Haskell – Memory footprint of Haskell data types

algebraic-data-typesghchaskellmemory-management

How can I find the actual amount of memory required to store a value of some data type in Haskell (mostly with GHC)? Is it possible to evaluate it at runtime (e.g. in GHCi) or is it possible to estimate memory requirements of a compound data type from its components?

In general, if memory requirements of types a and b are known, what is the memory overhead of algebraic data types such as:

data Uno = Uno a
data Due = Due a b

For example, how many bytes in memory do these values occupy?

1 :: Int8
1 :: Integer
2^100 :: Integer
\x -> x + 1
(1 :: Int8, 2 :: Int8)
[1] :: [Int8]
Just (1 :: Int8)
Nothing

I understand that actual memory allocation is higher due to delayed garbage collection.

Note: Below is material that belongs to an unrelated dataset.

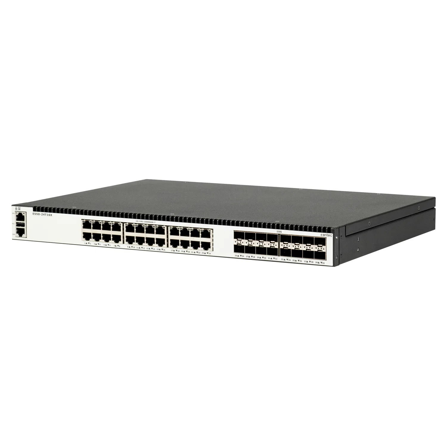 | E550-24T16X | · 24x10/100/1000 Base-T Ports · 16x10GE SFP+ Ports · Dual modular power supply |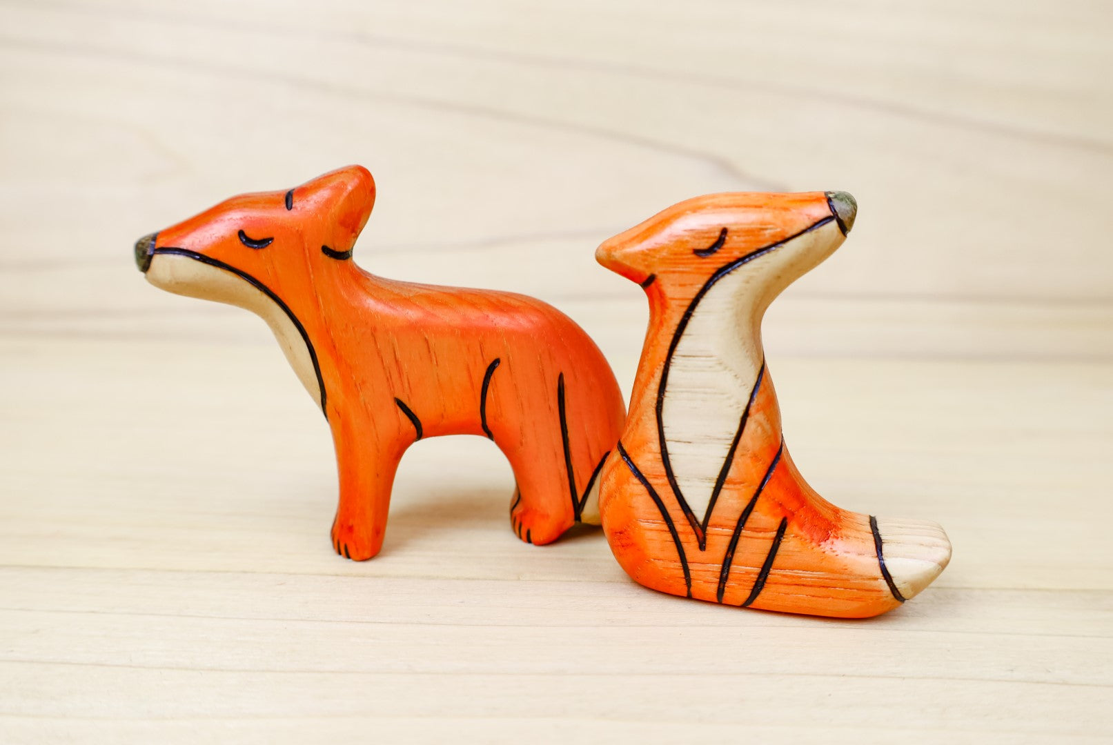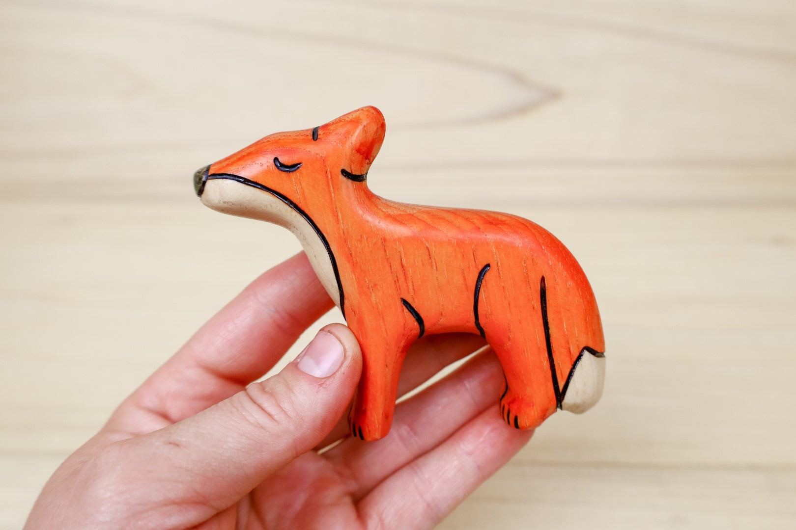 These heirloom-quality Foxes are handcrafted from solid hickory hardwood, the hardest wood native to North America, and are then painted with food-grade dye, nontoxic and hypoallergenic shellac sealant, and an all natural beeswax finish paste. No two handcrafted items are alike, every item is unique! Therefore, colors may vary slightly.

It may be significantly different due to lazy evaluation (and thunk size is not related to the size of the value). The question is, given a data type, how much memory does its value take when fully evaluated?

I found there is a :set +s option in GHCi to see memory stats, but it is not clear how to estimate the memory footprint of a single value.

Best Answer

(The following applies to GHC, other compilers may use different storage conventions)

Rule of thumb: a constructor costs one word for a header, and one word for each field. Exception: a constructor with no fields (like Nothing or True) takes no space, because GHC creates a single instance of these constructors and shares it amongst all uses.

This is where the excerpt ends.